Polyethylene glycol bowel preparation does not eliminate the risk of acute renal failure: a population-based case-crossover study.Endoscopy. 2013; 45(3):208-13.E
BACKGROUND AND STUDY AIMS
Polyethylene glycol (PEG) bowel preparations are regarded as effective and safe for colonoscopy; however, recent reports have indicated a risk of acute renal failure (ARF). This population-based case-crossover study evaluated the association between PEG and ARF in screening colonoscopy patients aged ≥ 50 years.
PATIENTS AND METHODS
Korean Health Insurance Review and Assessment Service (HIRA) claims data from 1 January 2005 to 31 December 2009 were used in the study. The study population consisted of patients aged ≥ 50 years who were first hospitalized for ARF following colonoscopy involving PEG bowel preparation.
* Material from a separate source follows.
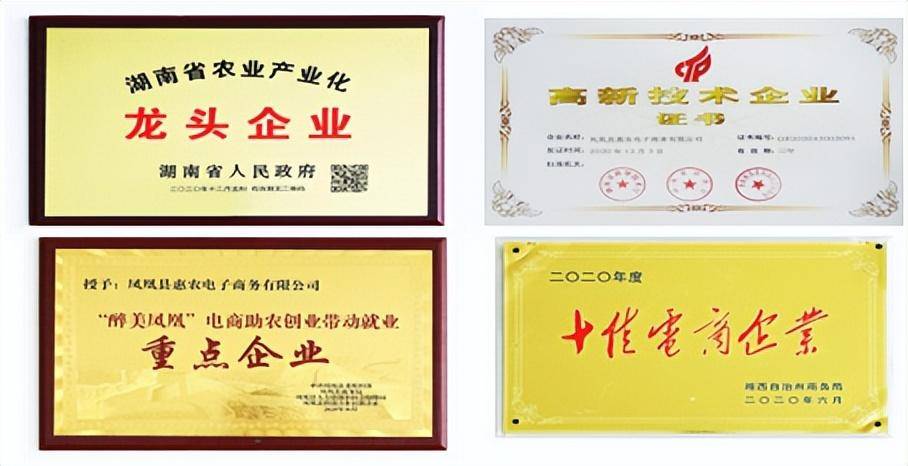 2020 年, 公司獲得湖南省農(nóng)業(yè)龍頭企業(yè) 、湖南省電子商務(wù)企業(yè)、湖南省高新技術(shù)企業(yè)、鳳凰縣電商消費(fèi)扶貧新技術(shù)企業(yè)、鳳凰縣電商消費(fèi)扶貧示范企業(yè)、鳳凰縣電商助農(nóng)就業(yè)帶動(dòng)重點(diǎn)企業(yè)、湘西州十佳電商企業(yè)等榮譽(yù)稱(chēng)號(hào)。

For each patient, PEG use in a 1-, 2-, or 4-week period prior to the first hospital admission date for ARF (hazard period) was compared with PEG use in four earlier 1-, 2-, or 4-week control periods. Conditional logistic regression analysis was used to estimate odds ratios (ORs) and 95 % confidence intervals (CIs), adjusting for concomitant medications that could induce ARF.
The total number of study patients was 1064 (59 % were male). A greater proportion of patients used PEG during the hazard period than during the control periods (for 4-week time window: 8.8 % vs. 3.2 %). The adjusted ORs for ARF incidence when applying the 1-, 2-, and 4-week periods were 3.1 (95 %CI 2.06 - 4.73), 2.5 (95 %CI 1.76 - 3.53), and 2.1 (95 %CI 1.61 - 4.85), respectively.
The use of PEG was associated with the risk of ARF. Adequate hydration and renal function monitoring should be assured before and after colonoscopy, regardless of the bowel preparation regimen used.